TASK –
Using only the entries below, output the lines starting at the one containing "Our audience is" and ending at the one containing "YQ FUNLIS 3", exactly and inclusive of both, omitting the pictures.

INFORMATION SUPPLIED –
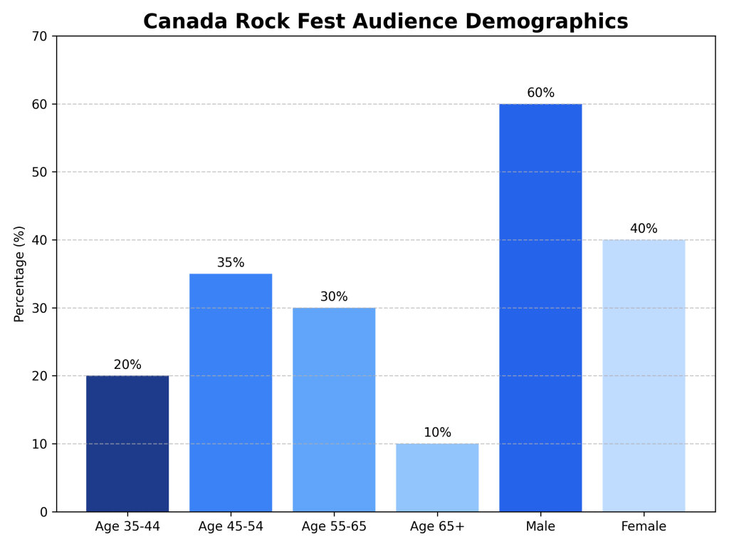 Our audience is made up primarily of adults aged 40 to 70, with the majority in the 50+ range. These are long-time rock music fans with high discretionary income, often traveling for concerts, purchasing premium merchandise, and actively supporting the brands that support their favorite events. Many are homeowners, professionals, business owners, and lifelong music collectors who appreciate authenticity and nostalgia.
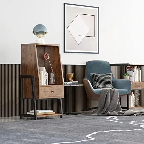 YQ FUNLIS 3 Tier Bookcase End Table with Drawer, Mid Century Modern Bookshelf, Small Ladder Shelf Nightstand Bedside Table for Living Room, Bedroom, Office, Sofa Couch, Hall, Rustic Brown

...

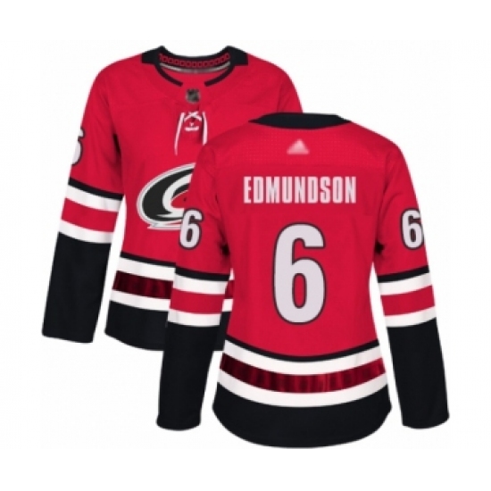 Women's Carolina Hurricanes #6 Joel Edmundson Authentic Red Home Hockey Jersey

==

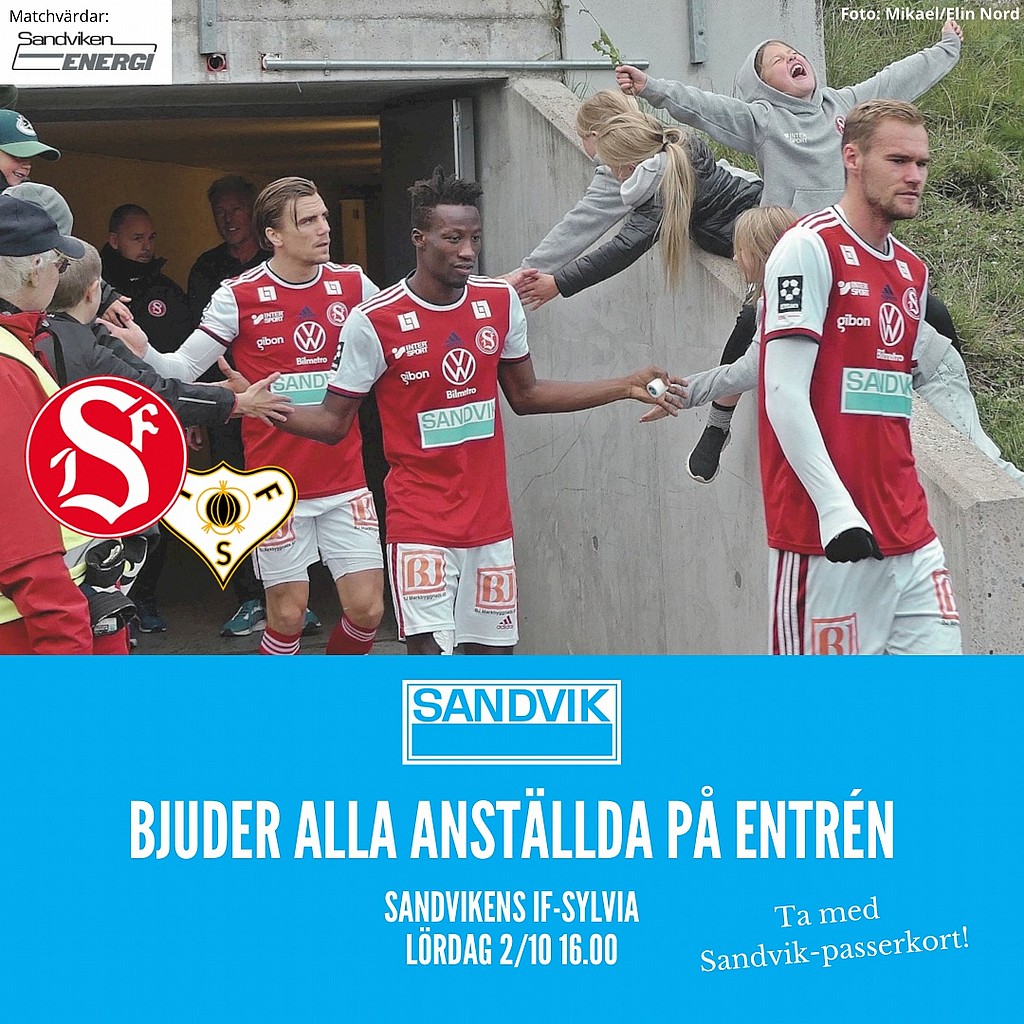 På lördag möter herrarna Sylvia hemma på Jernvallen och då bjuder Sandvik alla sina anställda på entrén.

RESULT BELOW –
 Our audience is made up primarily of adults aged 40 to 70, with the majority in the 50+ range. These are long-time rock music fans with high discretionary income, often traveling for concerts, purchasing premium merchandise, and actively supporting the brands that support their favorite events. Many are homeowners, professionals, business owners, and lifelong music collectors who appreciate authenticity and nostalgia.
 YQ FUNLIS 3 Tier Bookcase End Table with Drawer, Mid Century Modern Bookshelf, Small Ladder Shelf Nightstand Bedside Table for Living Room, Bedroom, Office, Sofa Couch, Hall, Rustic Brown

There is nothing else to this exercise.